* _Task goal_:
Go to the line holding "Välkommen till SunLit" in the data below and repeat it exactly, then each line after it up to and including the one holding "Understanding keywords is". Omit pictures.

* _Material to process_:
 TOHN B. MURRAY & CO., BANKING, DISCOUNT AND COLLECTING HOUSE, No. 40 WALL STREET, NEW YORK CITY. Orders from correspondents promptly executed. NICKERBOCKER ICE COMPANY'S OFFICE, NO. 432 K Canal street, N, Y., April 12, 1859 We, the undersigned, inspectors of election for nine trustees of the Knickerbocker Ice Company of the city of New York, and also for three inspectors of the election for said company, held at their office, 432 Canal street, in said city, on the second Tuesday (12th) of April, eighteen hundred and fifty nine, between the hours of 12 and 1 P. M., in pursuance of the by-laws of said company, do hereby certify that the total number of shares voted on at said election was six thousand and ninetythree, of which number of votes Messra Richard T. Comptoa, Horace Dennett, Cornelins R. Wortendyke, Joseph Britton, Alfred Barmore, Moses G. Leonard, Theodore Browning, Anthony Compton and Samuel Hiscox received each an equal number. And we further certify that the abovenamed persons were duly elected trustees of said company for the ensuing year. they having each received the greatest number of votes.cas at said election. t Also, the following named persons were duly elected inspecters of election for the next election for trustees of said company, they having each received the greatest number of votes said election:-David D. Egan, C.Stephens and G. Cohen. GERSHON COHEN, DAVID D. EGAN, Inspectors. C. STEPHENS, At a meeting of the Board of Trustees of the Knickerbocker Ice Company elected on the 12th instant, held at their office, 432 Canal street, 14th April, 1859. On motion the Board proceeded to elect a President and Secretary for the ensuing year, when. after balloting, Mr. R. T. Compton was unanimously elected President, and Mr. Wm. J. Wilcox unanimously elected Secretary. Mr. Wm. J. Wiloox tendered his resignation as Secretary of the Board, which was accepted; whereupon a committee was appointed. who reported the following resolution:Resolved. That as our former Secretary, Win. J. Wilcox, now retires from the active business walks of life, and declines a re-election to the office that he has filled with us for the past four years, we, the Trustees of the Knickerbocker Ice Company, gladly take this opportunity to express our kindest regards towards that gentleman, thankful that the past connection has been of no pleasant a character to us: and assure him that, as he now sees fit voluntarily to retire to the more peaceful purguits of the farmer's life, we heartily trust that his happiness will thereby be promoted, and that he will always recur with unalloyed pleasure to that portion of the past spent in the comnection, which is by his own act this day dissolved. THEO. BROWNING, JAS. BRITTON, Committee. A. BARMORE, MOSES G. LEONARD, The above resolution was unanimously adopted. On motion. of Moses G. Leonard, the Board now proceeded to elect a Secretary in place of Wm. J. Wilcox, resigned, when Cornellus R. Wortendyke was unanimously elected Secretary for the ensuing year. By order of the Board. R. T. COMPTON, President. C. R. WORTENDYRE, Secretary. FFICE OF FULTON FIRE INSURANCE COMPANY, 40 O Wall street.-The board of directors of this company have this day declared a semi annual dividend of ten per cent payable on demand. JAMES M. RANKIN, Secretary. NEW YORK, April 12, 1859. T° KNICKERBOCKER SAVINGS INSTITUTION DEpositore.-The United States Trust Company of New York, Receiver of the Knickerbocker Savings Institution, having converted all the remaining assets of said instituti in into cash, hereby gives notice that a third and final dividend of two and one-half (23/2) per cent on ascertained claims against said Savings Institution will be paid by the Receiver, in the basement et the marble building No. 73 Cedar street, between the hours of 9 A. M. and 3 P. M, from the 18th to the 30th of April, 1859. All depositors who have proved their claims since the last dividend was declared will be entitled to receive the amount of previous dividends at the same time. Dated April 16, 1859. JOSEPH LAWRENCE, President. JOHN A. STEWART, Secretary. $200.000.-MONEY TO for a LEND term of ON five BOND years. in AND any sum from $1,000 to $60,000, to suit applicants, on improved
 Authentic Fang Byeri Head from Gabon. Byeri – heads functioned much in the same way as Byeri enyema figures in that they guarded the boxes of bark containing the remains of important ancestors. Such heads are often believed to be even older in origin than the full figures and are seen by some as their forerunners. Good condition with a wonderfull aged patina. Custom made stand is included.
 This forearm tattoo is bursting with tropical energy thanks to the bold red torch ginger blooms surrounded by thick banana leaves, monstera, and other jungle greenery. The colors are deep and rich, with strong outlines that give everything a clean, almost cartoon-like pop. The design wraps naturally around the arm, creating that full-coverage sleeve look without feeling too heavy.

---

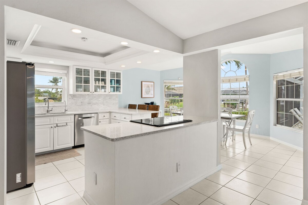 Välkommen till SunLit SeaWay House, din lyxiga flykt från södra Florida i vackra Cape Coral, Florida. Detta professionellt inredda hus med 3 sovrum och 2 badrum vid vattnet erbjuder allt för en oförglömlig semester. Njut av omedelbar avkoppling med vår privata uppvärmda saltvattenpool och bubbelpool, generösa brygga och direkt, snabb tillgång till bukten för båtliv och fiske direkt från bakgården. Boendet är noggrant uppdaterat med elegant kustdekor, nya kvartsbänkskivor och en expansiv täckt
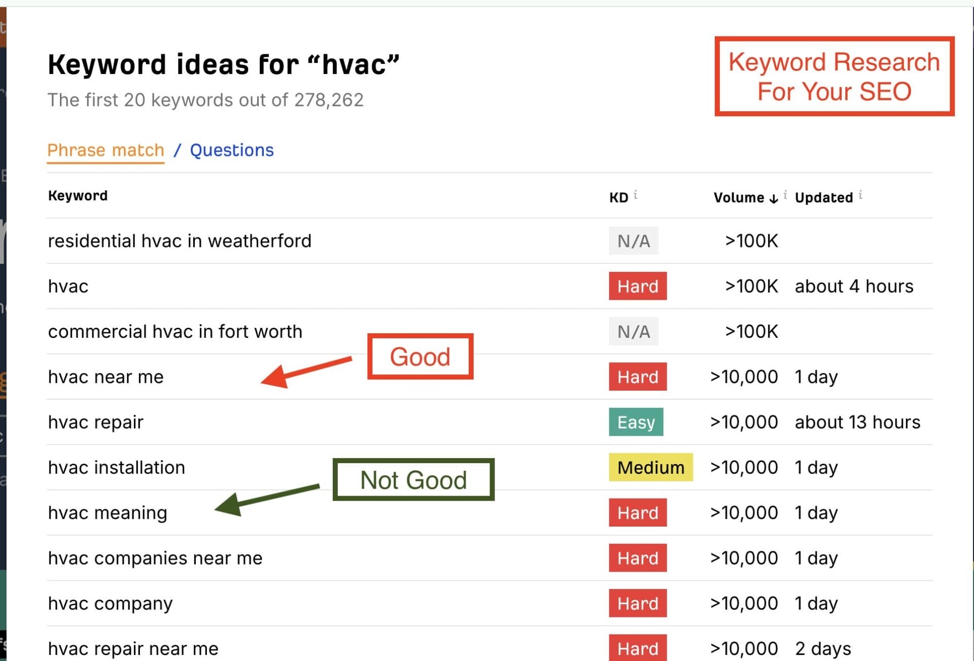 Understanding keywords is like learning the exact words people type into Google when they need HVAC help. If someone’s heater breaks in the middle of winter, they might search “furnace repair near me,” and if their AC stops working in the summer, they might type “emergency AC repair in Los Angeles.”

---

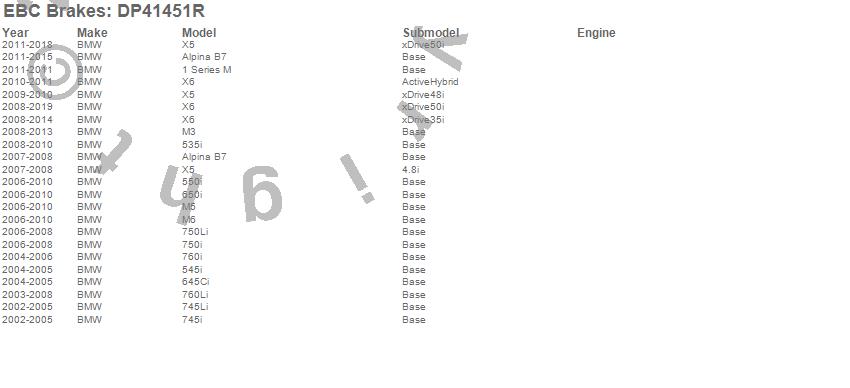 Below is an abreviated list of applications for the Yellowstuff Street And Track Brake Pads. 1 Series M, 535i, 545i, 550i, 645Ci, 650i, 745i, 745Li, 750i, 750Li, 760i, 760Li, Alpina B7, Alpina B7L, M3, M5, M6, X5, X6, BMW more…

* _Expected answer_:
 Välkommen till SunLit SeaWay House, din lyxiga flykt från södra Florida i vackra Cape Coral, Florida. Detta professionellt inredda hus med 3 sovrum och 2 badrum vid vattnet erbjuder allt för en oförglömlig semester. Njut av omedelbar avkoppling med vår privata uppvärmda saltvattenpool och bubbelpool, generösa brygga och direkt, snabb tillgång till bukten för båtliv och fiske direkt från bakgården. Boendet är noggrant uppdaterat med elegant kustdekor, nya kvartsbänkskivor och en expansiv täckt
 Understanding keywords is like learning the exact words people type into Google when they need HVAC help. If someone’s heater breaks in the middle of winter, they might search “furnace repair near me,” and if their AC stops working in the summer, they might type “emergency AC repair in Los Angeles.”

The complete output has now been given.